Class FilterExistingRows

  • All Implemented Interfaces:
    LogicalOperator

    public final class FilterExistingRows
    extends AbstractRelationalJoin
    Filters records on the left based on the presence of matching records on the right.

    Row selection is controlled by checking whether the key values on the left can be found in the key fields of any record on the right. Records on the left whose keys match those of at least one record on the right are emitted on the output flow. A secondary flow consisting of those records which did not match is also produced; this output is the complement of the primary output with respect to the left input. In terms of relational algebra, this operator simultaneously performs a left semi-join and left anti-join on the two inputs.

    Depending on the value of AbstractRelationalJoin.getUseHashJoinHint() one of two procedures are used which affects the overall graph behavior.

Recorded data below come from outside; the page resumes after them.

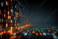 Fototapeta - Digital curtain of glowing orange and white binary code with a dark, gradient background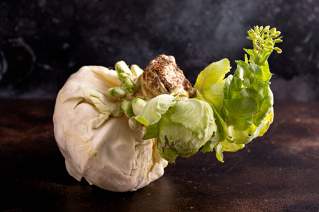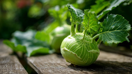 Fresh Organic Kohlrabi on Weathered Wood Surface, Ready for Preparation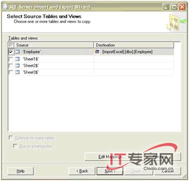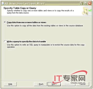 在Specify Table Copy or Query(指定表复制或查询)向导界面中,选择copy data from one or more tables or views(从一个或多个表或视图复制数据)选项,并继续这个向导到下一个界面。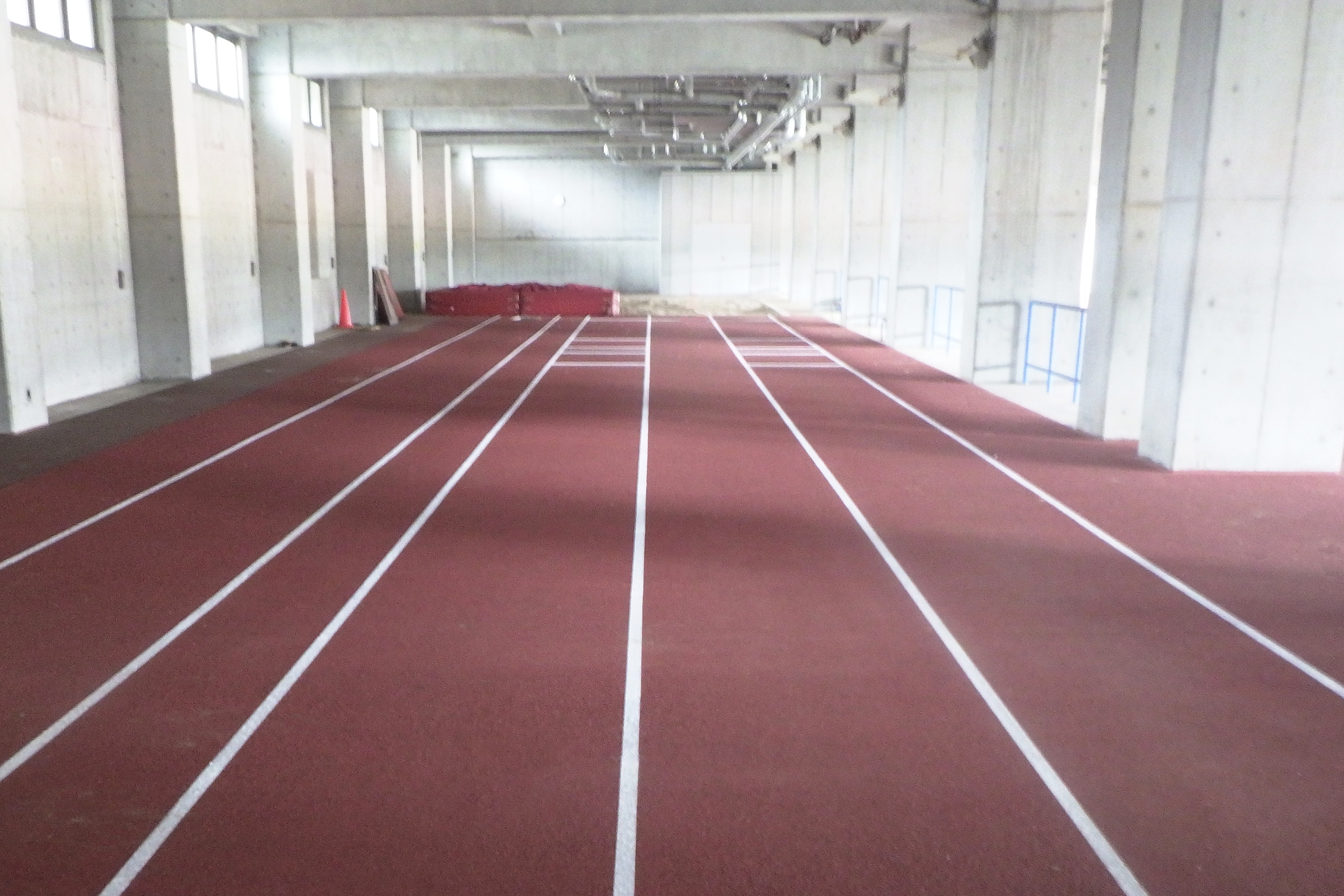 室内練習場はウレタン舗装の摩耗した箇所を切削・オーバーレイで改修し、汚れている箇所は洗浄を行いました。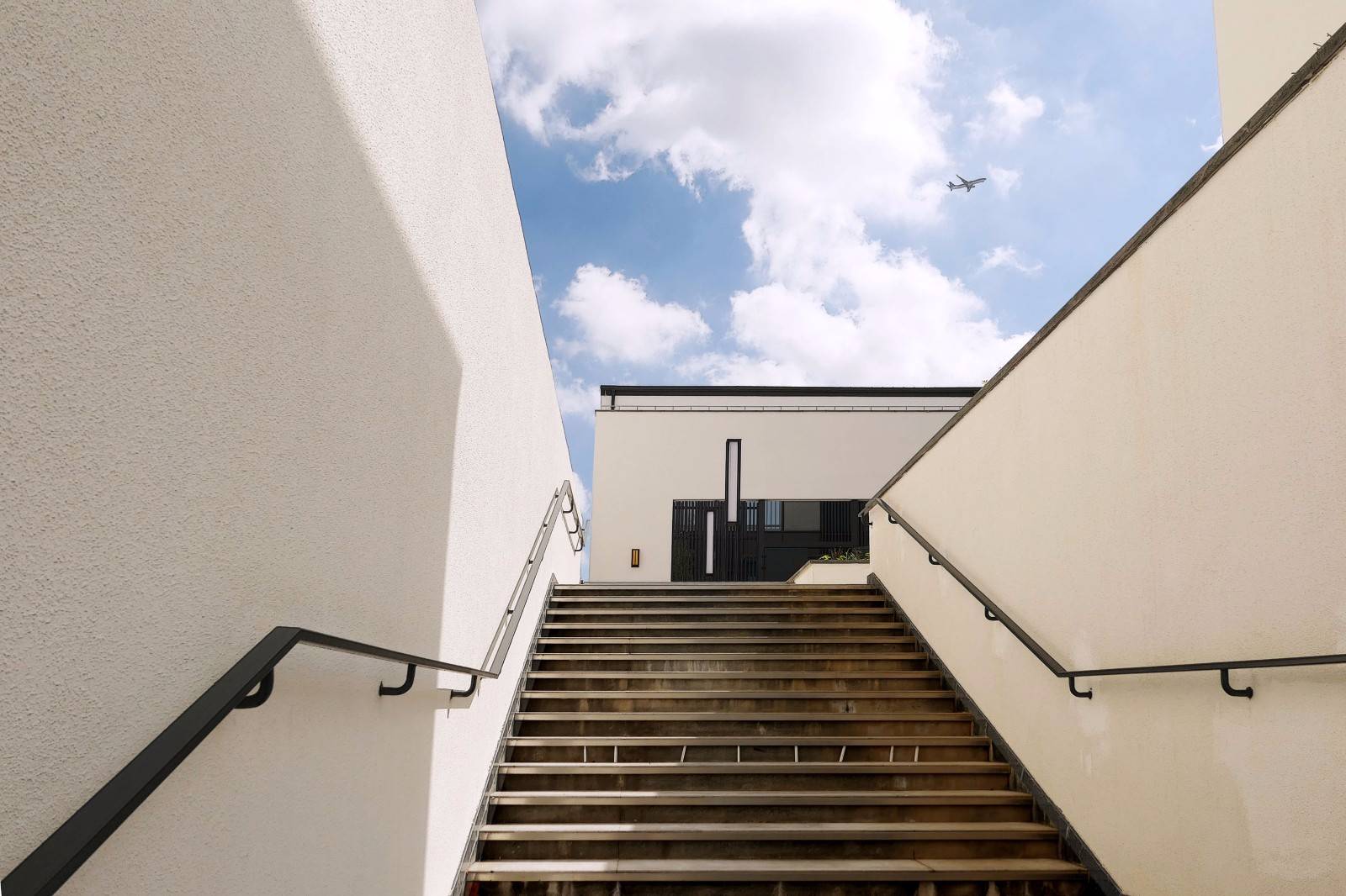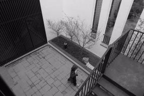 我們將一系列具有江南民居尺度的院落提升到空中,通過一個大臺階把空中廣場一直延伸到地面。這些空中的小院落在空中又圍合成一個大院落,中間是一個廣場??罩袕V場有著傳統(tǒng)村落中樹下井邊的空間尺度,是人們聚集和交流的空間。由大臺階拾級而上,中間還設置了幾個布滿綠化的休息平臺。

    1. If hash join hint is false, input data will be sorted and hash partitioned by the specified keys (if not already sorted according to upstream metadata). Once sorted and partitioned, data is is them combined in a streaming fashion. Note that in the case that a join condition is specified, this will require buffering on the right-hand-side, increasing memory requirements if the right has a large number records with duplicate keys.
    2. If hash join hint is true, a full copy of the data from the right will be distributed to the cluster and loaded into memory within each node in the cluster. The left side will not be sorted or partitioned. Thus, the right side should always be small.
    • Constructor Detail

      • FilterExistingRows

        public FilterExistingRows()
        Default constructor. Prior to graph compilation, the following property must be set:
      • FilterExistingRows

        public FilterExistingRows​(JoinKey[] joinKeys)
        Performs a filter with the given set of join keys
        Parameters:
        joinKeys - the join keys
      • FilterExistingRows

        public FilterExistingRows​(List<JoinKey> joinKeys)
        Performs a filter with the given set of join keys
        Parameters:
        joinKeys - the join keys